Writing isn’t my strong suit, so I am the big-picture guy, and then, I have support in terms of editing and connecting things, having someone read it and ask probing questions, so that the project continues to build.

How many other books or stories do you have in progress right now?

That’s so funny because people are asking me about another book. The experience with the first book, and my only book, has been interesting. When I think about the process, there’s trepidation there. I’m trying to work past that. But, yes. The short answer is “yes.” And I need to write something around young men and how to educate them appropriately, how to discipline them. Something in that arena, because that’s the place I occupy with my non-profit. I can rise as the thought leader in this space because I’ve had so many experiences with the young men and edifying them, developing them. I really look forward to the project because I’m excited about this. This will be a how-to book. 

Do you view writing as a spiritual practice?

Absolutely. I think the work that writers do is to hold a mirror to society in many ways, and push society into a better place. I find it to be very spiritually edifying in many ways because you’re speaking to the masses, and the work that you do is going to enhance the lives of others in a tremendous way. 

What would your life look like if you didn’t write?

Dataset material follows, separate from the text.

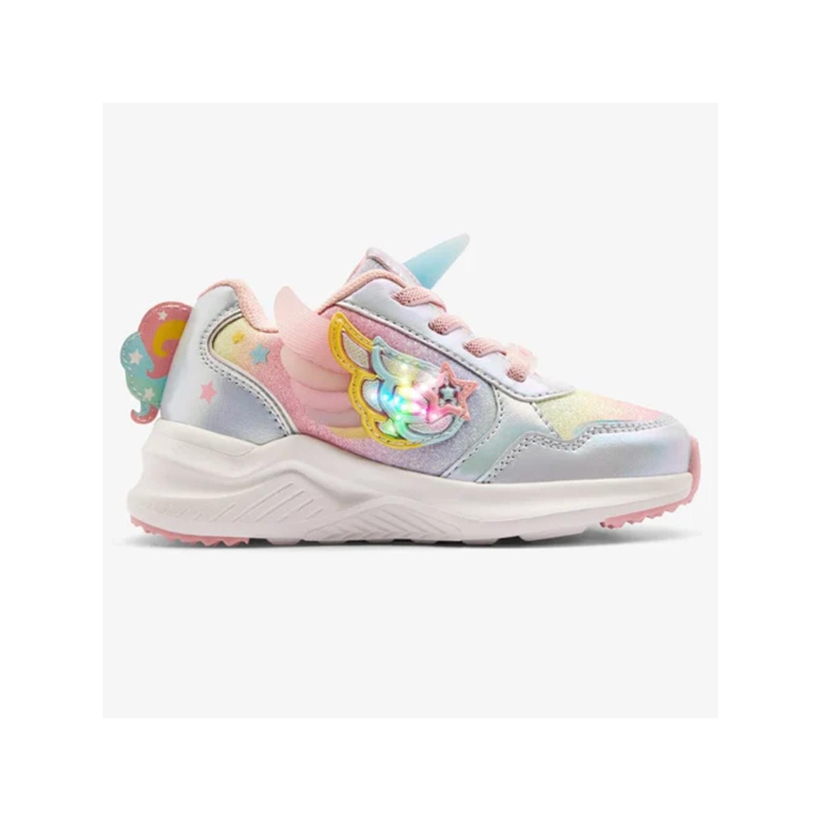 Conguitos 261027. Deportivo Unicornio en sintético con fantasía de colores. Iluminación en el lateral con cada pisada. Forro y plantilla extraíble textil acolchado. Cierre en cordones elásticos. Piso de eva termoconformada y suela de goma antideslizante, muy ligero y flexible.

Interestingly enough, I thought that teaching was going to be something I did for the rest of my life. I thought that because it was something I love, that I would never let it go. But since writing the book, I decided I wasn’t going to teach anymore, that my life’s purpose was going to pivot me in a different direction. So, I would still be the founder and executive director of my non-profit, Kismet of Kings, but I probably wouldn’t have the notoriety or the spotlight for writing the book. It would probably be about being a trailblazer in this arena with young men of color, particularly in urban settings. 

Why do you write?

I write because it is therapeutic for me. There are social ailments that make me think, “This could be better,” and so I write about it because I know that if I have an issue, or if I see that things could change, it’s probably something someone else has thought about or someone else needs. So, I write so that I can change the trajectory of the next generation so that they can dodge pitfalls that might cause them to fail. I think that my parents did the same for me. I think it’s our duty as a generation to do it for the next generation.